Q5: What is the significance of the vertex in a linear function?

A5: The vertex of a linear function is the point where the function changes direction. It is the minimum or maximum point of the function.

Q6: How do I find the vertex of a linear function?

A6: To find the vertex of a linear function, we need to look at the vertex form of the function. In the function $f(x) = a| x - h| + k$, the vertex is given by $(h, k)$.

Q7: Can I use the vertex form to graph quadratic functions?

A7: No, the vertex form is used to graph linear functions, not quadratic functions. Quadratic functions have a different form, known as the standard form.

Q8: How do I graph a linear function with a negative slope?

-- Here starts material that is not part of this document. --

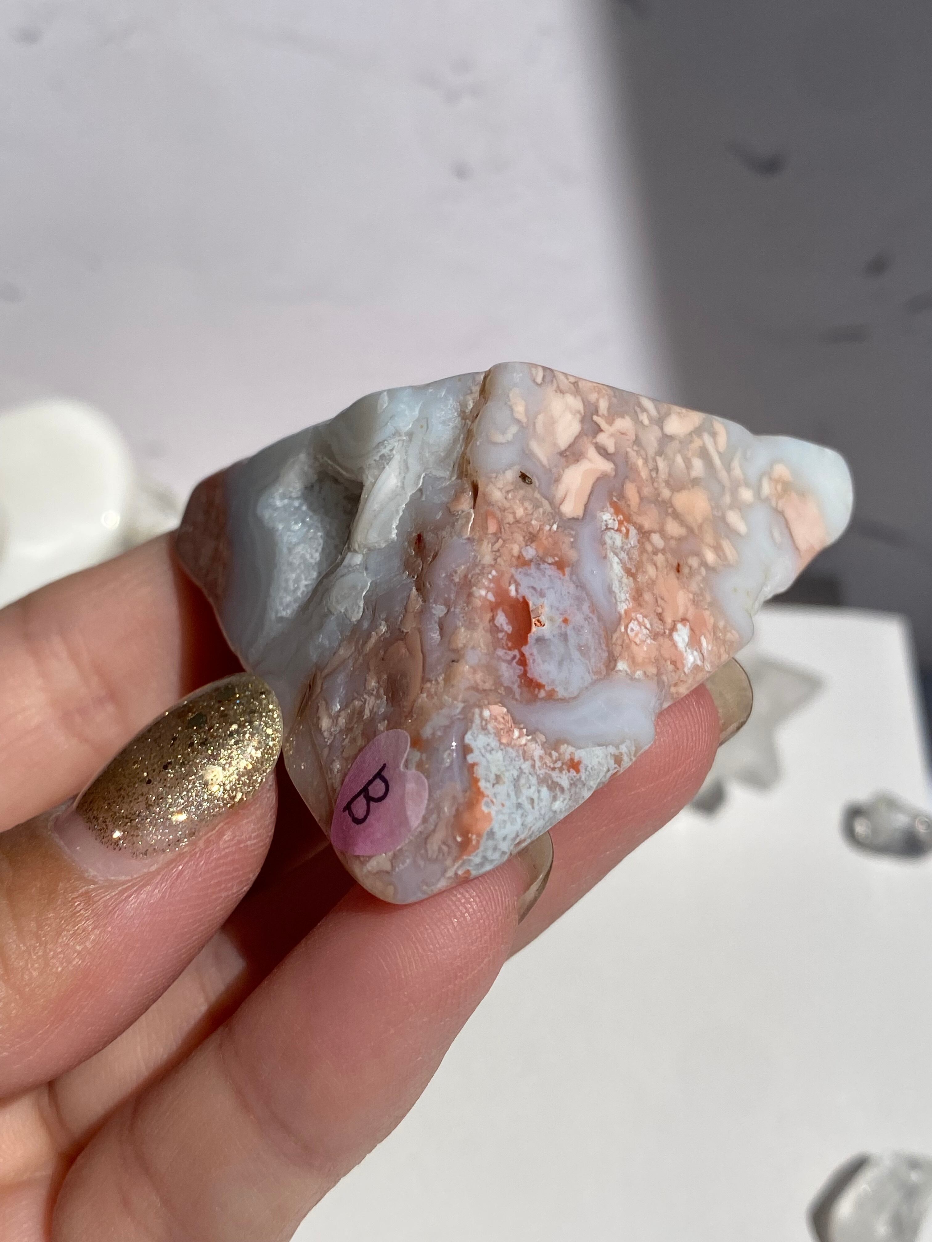 ジオードがあったり、クォーツと共生があったり、透明感のある様なアゲート部分が可愛かったり、ピンクやホワイトが多めなど〜それぞれ特徴があってキュート♡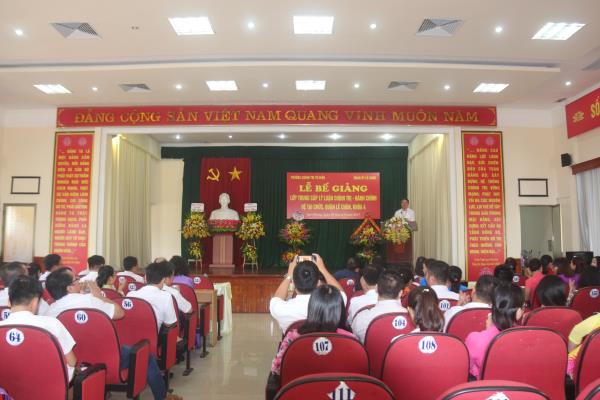 Sáng ngày 01/9/2017, tại Hội trường Quận ủy Lê Chân, Trường Chính trị Tô Hiệu phối hợp với Quận ủy Lê Chân tổ chức Lễ bế giảng lớp Trung cấp lý luận chính trị - hành chính hệ tại chức, Quận Lê Chân, khóa 4. Tới dự buổi Lễ có các đồng chí: Nguyễn Văn Tuấn - Phó Bí thư thường trực, Chủ tịch Hội đồng nhân dân Quận; Nguyễn Văn Kính - Phó Bí thư Đảng ủy, Phó Hiệu trưởng Trường Chính trị Tô Hiệu; Trần Thị Quỳnh Trang - Phó Bí thư Đảng ủy khối Doanh nghiệp; đại diện lãnh đạo phòng Chính sách cán bộ, Ban Tổ chức Thành ủy; các khoa, phòng nhà trường cùng toàn thể 89 học viên của Lớp.

A8: To graph a linear function with a negative slope, we need to use the vertex form of the function. We can plot the vertex at $(h, k)$, draw a line with slope $-a$ through the vertex, and plot the asymptotes.

Q9: Can I use the vertex form to graph absolute value functions?

A9: Yes, the vertex form can be used to graph absolute value functions. The vertex form of an absolute value function is given by $f(x) = a| x - h| + k$, where $(h, k)$ is the vertex of the function.

Conclusion

Graphing linear functions with vertex form involves understanding the vertex and the translations involved. The vertex form of a linear function is given by $f(x) = a| x - h| + k$, where $(h, k)$ is the vertex of the function. By using the vertex, slope, and asymptotes, we can plot the graph of the function.